On Thursday, CFRA analyst Aaron Ho downgraded Nissan Motor Co Ltd . (7201:JP) (OTC: OTC:NSANY) stock from Hold to Sell, maintaining a price target of $5.00. The new rating reflects concerns over the company's performance and broader industry challenges. Ho cited a five-year low valuation based on a projected price-to-book ratio of 0.27x for the fiscal year ending March 2025 (FY25).
Nissan's earnings risks stem from both deteriorating company fundamentals and a tough industry environment. CFRA has adjusted its financial forecasts for the automaker, now expecting a loss per share of JPY104 for FY25, a significant downturn from the previously estimated earnings per share (EPS) of JPY120. The firm also revised its FY26 EPS estimate downward to JPY86 from JPY166.
The downgrade follows Nissan's reported earnings for the first half of FY25, which revealed an EPS of JPY10 compared to JPY152 in the same period the previous year. This result fell short of CFRA's expectations, largely due to increased marketing expenses. Revenue also saw a decline, dropping by 1% to JPY6 trillion, attributed to weaker unit sales volume.

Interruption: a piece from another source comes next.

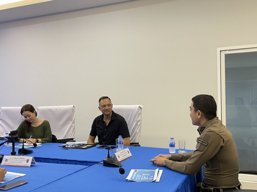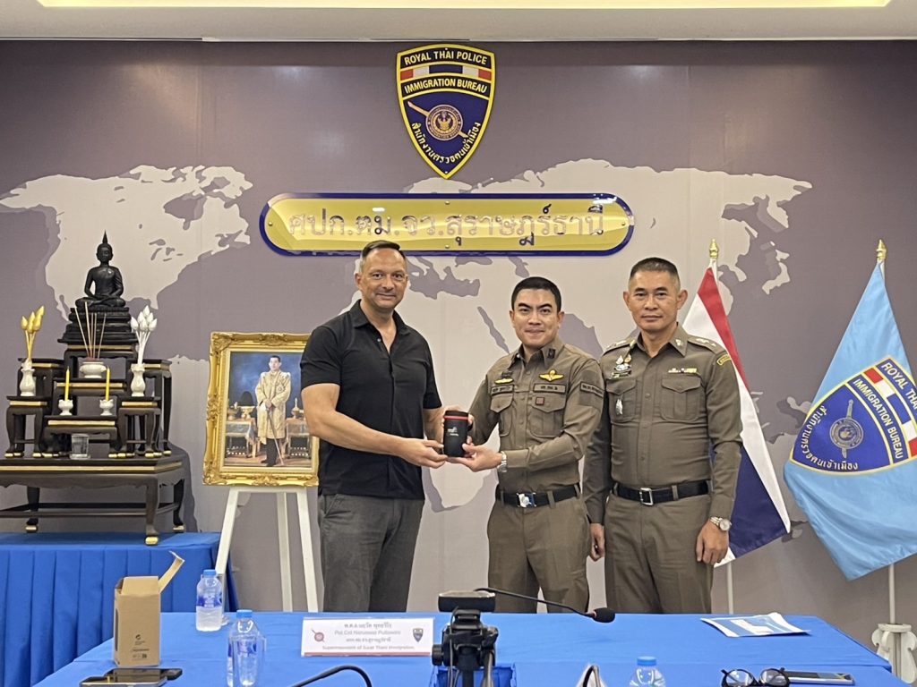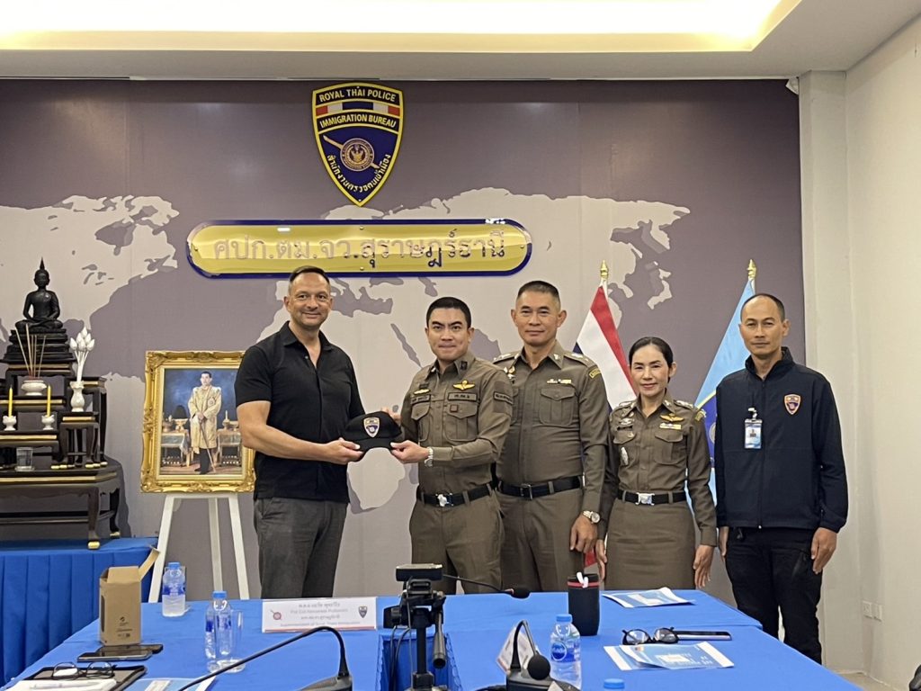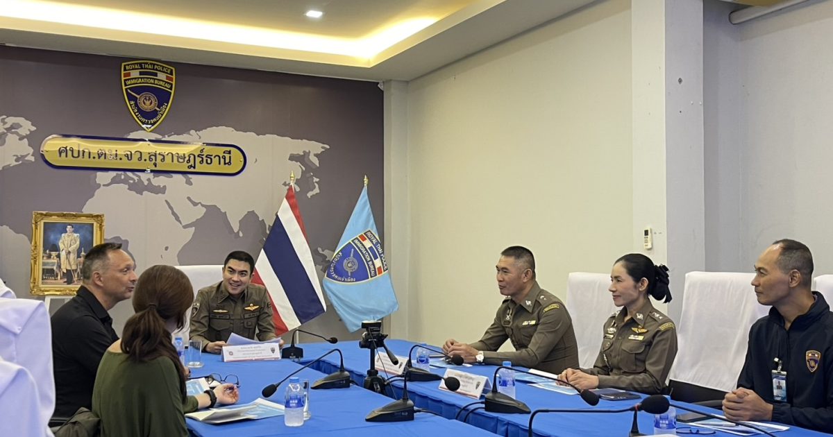 โดยมี พ.ต.อ.นฤวัต พุทธวิโร ผกก.ตม.จว.สุราษฎร์ธานี, พ.ต.ท.วัสส์ธนภูมิ กุลจิตติชุติพร รอง ผกก.ตม.จว.สุราษฎร์ธานี, ว่าที่ พ.ต.ท.หญิง ปาณิศา มุขรัษฎา สว.ตม.จว.สุราษฎร์ธานี และ ร.ต.อ.อรุณ มูสิกิ้ม รอง สว.ตม.จว.สุราษฎร์ธานี ให้การต้อนรับและได้ประชุมหารือ แลกเปลี่ยน รับทราบข้อมูลทั่วไป และขอความร่วมมือในการช่วยเหลือชาวเยอรมันในประเทศไทย

Ho expressed concern over Nissan's full-year unit sales, which are expected to remain flat. The analyst pointed to Nissan's outdated model designs and stagnant technological development as factors likely to result in a smaller market share in FY25. The competitive landscape is also expected to intensify, with heavy discounting trends and rising research and development costs as a percentage of revenue adding to the pressure.
The strategic move of merging with Honda (NYSE:HMC) was characterized by Ho as a "desperate measure" with limited material benefits, further justifying the downgrade to a Sell opinion. CFRA's stance indicates skepticism about the merger's potential to substantially improve Nissan's competitive position or financial outlook.